Important changes to the newsletter sign-up.

I have set up a new domain at www.archweb.co.uk and the newsletter will be sent out

from there in future. To change your subscription details you need to go to the new

site and log in. The username and password you used for the newsletter sign up has

been moved to the new site. Once you have logged in you can then go to mailing list

preferences and change your subscription options.

There is now an option to receive the newsletter either in HTML format or in plain

text. As the HTML format seems to mangle web addresses at the moment, I have set

everyone up to receive a plain text newsletter. I will let you know when this has been

fixed.

The old newsletters are archived on the site and there will soon be an option to leave

comments about the newsletters on the site.

(Technical note – the new site is built using the phpWebSite content management

system, an open source product, written in PHP by Appalachian State University.

For further details see http://phpwebsite.appstate.edu/).

XML FOR ARCHAEOLOGY: A ROUNDTABLE DISCUSSION

Dr William Kilbride

Abstract:

Published in 1998, the eXtensible Markup Language (XML) promises to

be the first step towards the next generation Web, allowing

communities to design languages that suit their particular needs and

integrate them harmoniously into a general infrastructure. In the

five years since being launched, a number of disciplines have taken

the initiative by creating their own mark-up specifications to render

and process domain specific information. MathML is used to share

mathematical expressions; CML is used to share molecular information

in Chemistry and a number of languages now exist to share musical

notation.

In contrast, archaeologist have not risen to the challenges and

opportunities of XML to the same degree. Various projects and

services like HEIRPORT, ArcheoBlog, Spectrum and OASIS use XML to

generate, render or share files, but only do so under specific and

restricted conditions. XML tools have been relatively slow to develop

partly because the standards upon which they are based have also been

slow to emerge. Moreover, variations in organisational structures and

intellectual traditions mean that such tools and standards often have

only limited relevance and application.

This roundtable is intended as a discussion forum for those

interested in XML for archaeology. A position paper will present a

number of case studies of XML applications, and the management and

strategic context of these applications. It will highlight the

presumed benefits of a wider XML development as against the implied

costs, and will identify possible areas for long term, middle term

and short term development.

Participants will be presented with a number of discussion points to

which they will be asked to respond. The roundtable will end with a

series of recommendations on how XML can be exploited more fully for

archaeology.

Notate Bene: The success of this roundtable and its recommendations

depends in part on the expertise of the whole group present.

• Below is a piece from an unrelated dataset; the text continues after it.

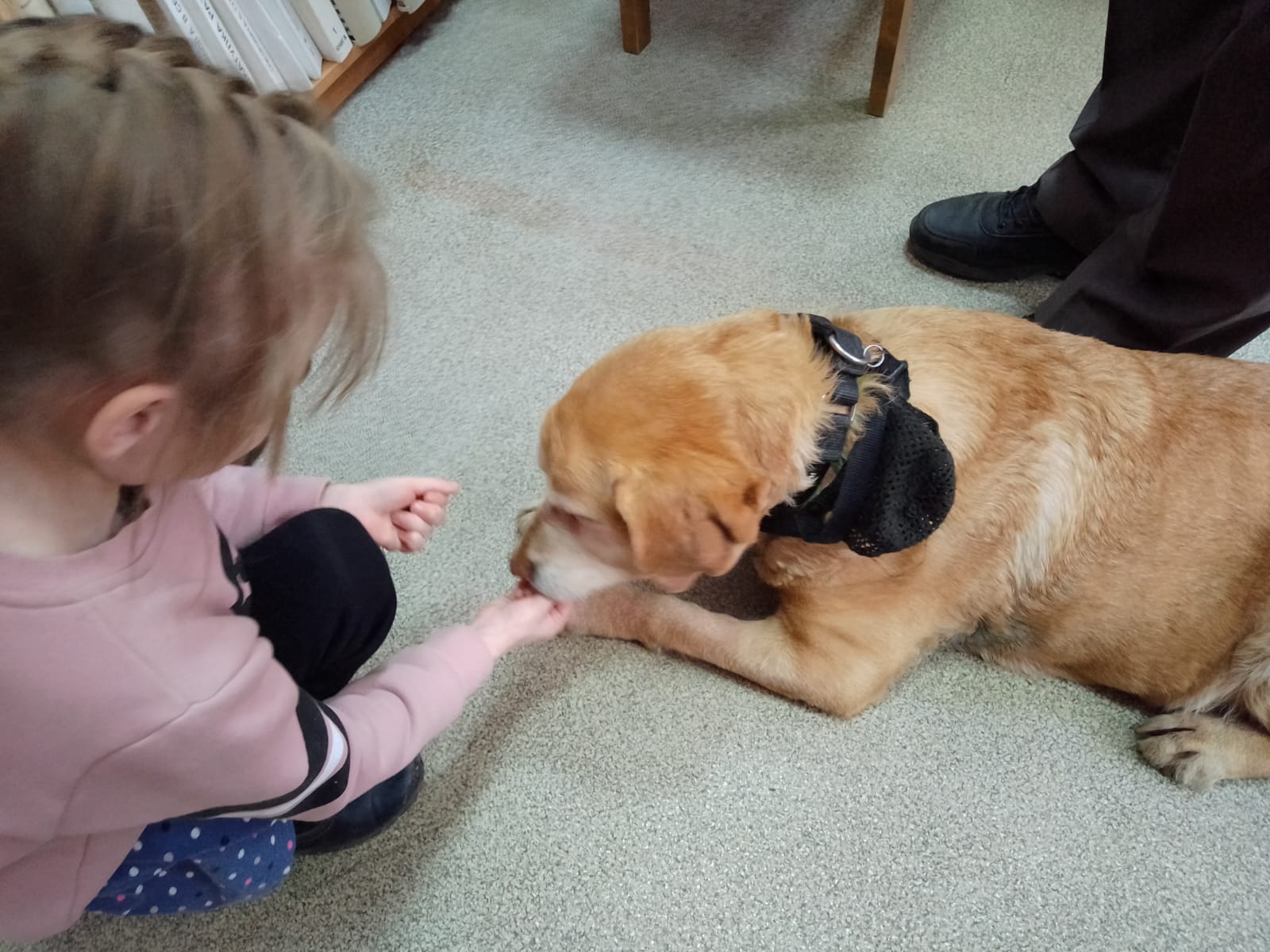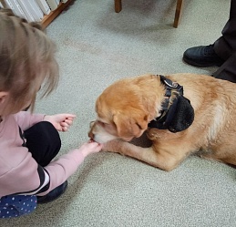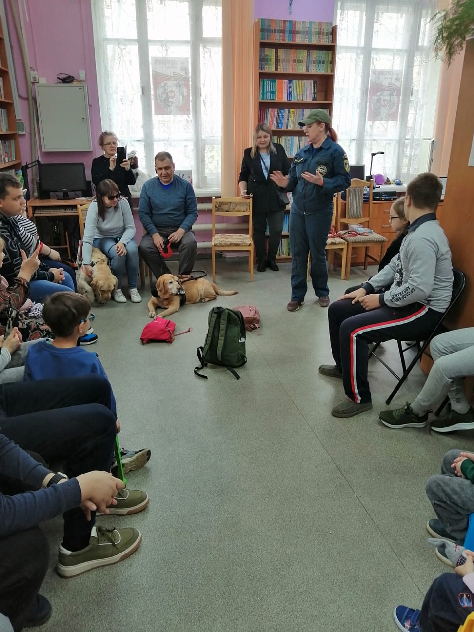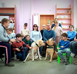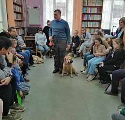 В рамках Всероссийской акции поддержки чтения «БиблиоДень-2025: И даже во тьме найду свет» 26 апреля состоялась тематическая встреча «Свои герои- военная и мирная служба четвероногих друзей человека». Участниками встречи стали дети-инвалиды по зрению, члены семейного клуба «Родительский лицей» и их родители; посетители отделения реабилитации и абилитации детей-инвалидов Центра социальной помощи семье и детям «На Московской». В гости пришли незрячие владельцы собак-проводников Светлана Каретина (руководитель клуба «Вектор»), Дмитрий Зарипов и кинолог Елена Никитина со своими четвероногими друзьями.

Participants will be asked to contribute to this discussion and are

expected to have a grasp of the issues in advance. An expert panel

will present some grounding in the topic, but the hope of the

organisers is to stimulate informed discussion.

Dr William Kilbride

Assistant Director

Archaeology Data Service

Dept of Archaeology

University of York  

England YO1 7EP, UK

HEEP:  - HISTORICAL ENVIRONMENT EXCHANGE PROTOCOL

THE FORUM FOR INFORMATION STANDARDS IN HERITAGE (FISH)

Dr Tyler Bell

Technical Director

Oxford ArchDigital Ltd

The Historical Environment Exchange Protocol:

A CRM-based Web Service for the querying, amalgamation and exchange

of heritage information between heterogeneous data sources.

The Forum for Information Standards in Heritage (FISH) has

commissioned The Historical Environment Exchange Protocol (HEEP) as

part of the FISH Toolkit, a series of XML-based applications designed

specifically for the heritage sector.  The Historical Environment

Exchange Protocol forms the core of the Heritage Web Service, an open

standard designed to facilitate interoperability in the heritage

sector.  The HEEP will be released in the summer of 2004; all

components of the FISH Toolkit will be available for public use by

September 2004.

The HEEP is a transport-independent architecture which standardises

the manner in which heritage information is queried by client

applications, and the format in which the requested data is

delivered. It also standardises how HEP-enabled servers report their

capabilities, and the format in which exceptions are reported.  The

protocol does not dictate the manner, format or technical platform in

which the data is stored and managed.  The Historical Environment

Exchange Protocol simply acts as a platform-independent 'connector'

between heritage datasets and the XML schema used to transport the

data.

The XML schema underlying The Historical Environment Exchange

Protocol is based on a mapping of the MIDAS standard to the CIDOC

Conceptual Reference Model (CRM). MIDAS is a data standard for

historic environment information, developed by English Heritage and

now maintained under the auspices of FISH. The CRM is a next-

generation semantic framework, developed specifically for "describing

the implicit and explicit concepts and relationships used in cultural

heritage documentation"; it is soon to be ratified as ISO Standard.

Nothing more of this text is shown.